Okay, so to be clear, my issue was not that I couldn’t get a dummy monitor working, it was that I couldn’t get my system to switch between dummy monitor and real monitor depending on whether the display port connector was plugged in. I came up with a rather inelegant solution, but it seems to work:
dummy .conf file /etc/X11/xord.conf.d/97-dummy.conf.disabled
Section "Device"
Identifier "dummy_videocard"
Driver "dummy"
Option "IgnoreEDID" "1"
EndSection
Section "Monitor"
Identifier "dummy_monitor"
HorizSync 28.0-80.0
VertRefresh 48.0-75.0
Modeline "1280x720" 74.50 1280 1344 1472 1664 720 723 728 748 +HSync +VSync
EndSection
Section "Screen"
Identifier "dummy_screen"
Device "dummy_videocard"
Monitor "dummy_monitor"
DefaultDepth 24
SubSection "Display"
Depth 24
Modes "1280x720"
EndSubSection
EndSection
I added the following .desktop to ~/.config/autostart
[Desktop Entry]
Type=Application
Exec=sudo /usr/local/bin/vnc-display.sh
Hidden=false
NoDisplay=false
X-GNOME-Autostart-enabled=true
Name[en_CA]=monitor check
Name=monitor check
Comment[en_CA]=Check if display port monitor is plugged in and enable dummy for VNC if not
Comment=Check if display port monitor is plugged in and enable dummy for VNC if not
Then my script looks like this (log files just for my debugging):
#!/bin/bash
# Check connected displays
LOG_FILE="/var/log/vnc_script.log"
DUMMY_DISABLED="/etc/X11/xorg.conf.d/97-dummy.conf.disabled"
if [ -e $DUMMY_DISABLED ]; then
if xrandr | grep -q "DP-[0-9]\+\(\.[0-9]\+\)\? connected"; then
# If yes, disable the dummy driver configuration by renaming the file
echo "display port was detected" >> "$LOG_FILE"
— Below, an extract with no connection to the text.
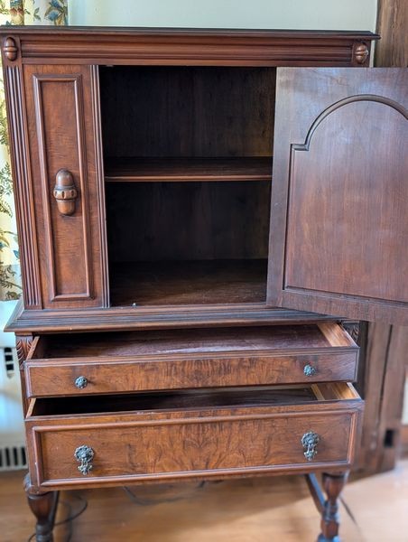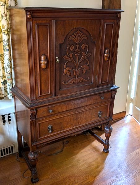 Items include Union-Made light wood bedroom set; CW Pottie shadow box; green ammunitions chest; antique hand-crafted Westmoreland milk glass; antique highboy hutch; vintage/antique pipe holders; vintage Bentwood rocker; antique icebox; vintage Royal typewriters; Ariens snow thrower; Atwater Kent antique radio; Sonora antique radio cabinet; Victor victrola; vintage/antique books: child's prayer book & Annals of America series; Dixie Dogwood Blue Ridge Southern antique dish set; stone/sculpture/fountain; antique trunks; religious art; Hamilton Beach slow cooker; Rosti Mepal mixing bowls & more. Items are located in Avon, CT.

mv /etc/X11/xorg.conf.d/97-dummy.conf /etc/X11/xorg.conf.d/97-dummy.conf.disabled
else
echo "display port was not detected" >> "$LOG_FILE"
# If no, enable the dummy driver configuration by restoring the file
mv /etc/X11/xorg.conf.d/97-dummy.conf.disabled /etc/X11/xorg.conf.d/97-dummy.conf
#X :0 -config /etc/X11/xorg.conf.d/97-dummy.conf &
sleep 30
service gdm restart
sleep 10
fi
else
mv /etc/X11/xorg.conf.d/97-dummy.conf /etc/X11/xorg.conf.d/97-dummy.conf.disabled
fi
So now when I boot up, it looks for if the display port monitor is connected. If it isn’t, then it activates my dummy.conf file (by renaming) and restarts gdm.
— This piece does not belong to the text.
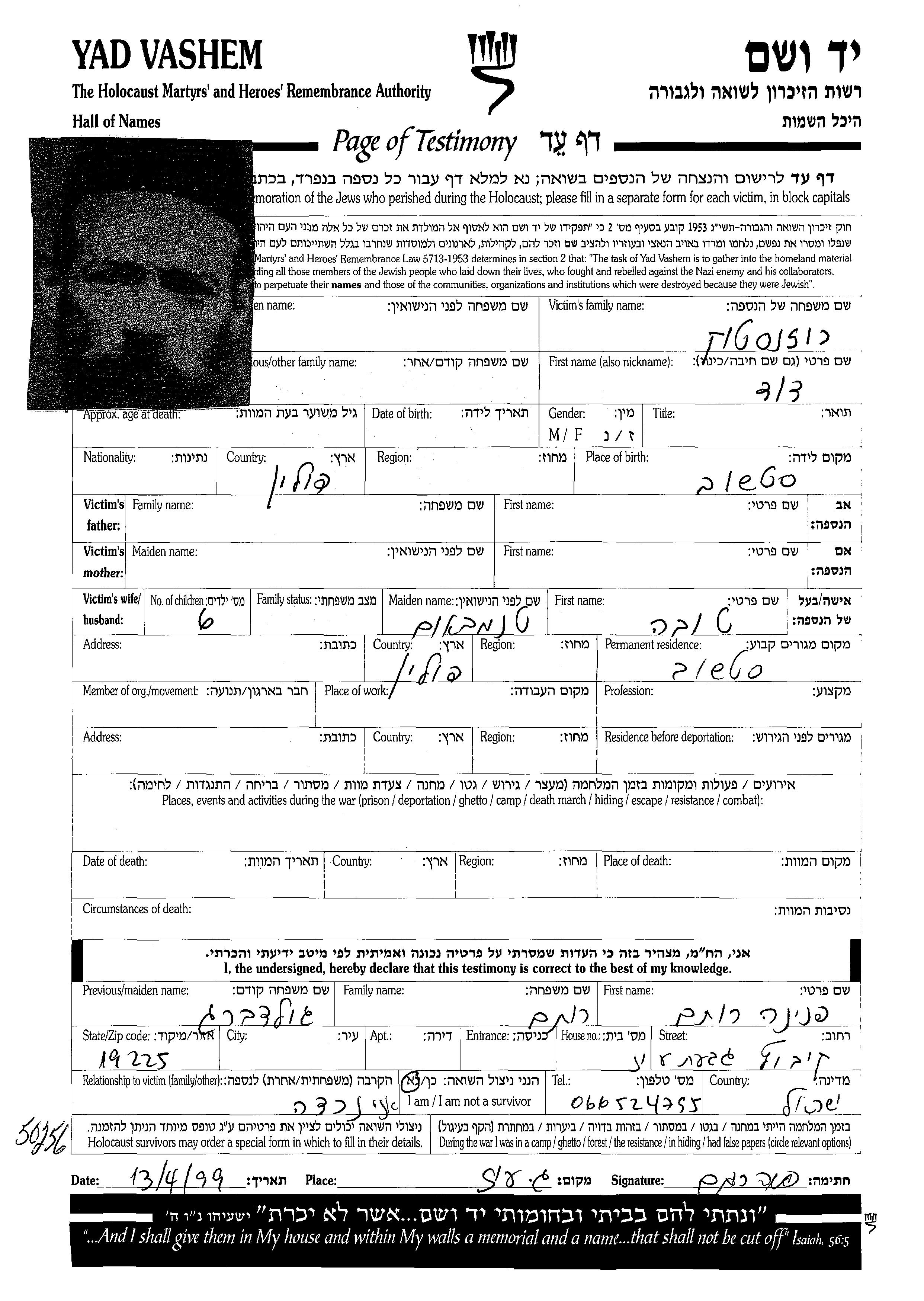 David Rozenstok wurde in Staszow, Polen geboren. Vor dem Zweiten Weltkrieg lebte er in Staszow, Polen.

I would love to know a better way – especially one that would allow hot plugging. I messed around with systemd services quite a bit, as well as other ways of autostarting, but it seems a whole bunch of stuff has to be up and running before I can detect the display port connection with xrandr, which is why I ended up going the .config/autostart route. I also couldn’t figure out how to detect the display port being plugged/unplugged.
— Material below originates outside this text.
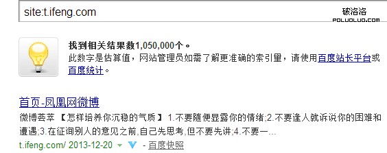 我們知道,只要被收錄的網頁,其鏈接都是可以被計算的。比如鳳凰微博,我們site之後發現收錄量過百萬,而且在微博發布頁面含有發布鏈接,因此這個鏈接肯定是有效的。

Also, I’m not using vino-server.service because see here: Vino-server autostarting but then stopping automatically on Orin Nano - #7 by KevinFFF
vino-server is working fine for me when I use a ~/.config/autostart .desktop file to launch it.
These were issues I never had with my Xavier NX dev kit, so clearly things have changed with the Orin Nano dev kit.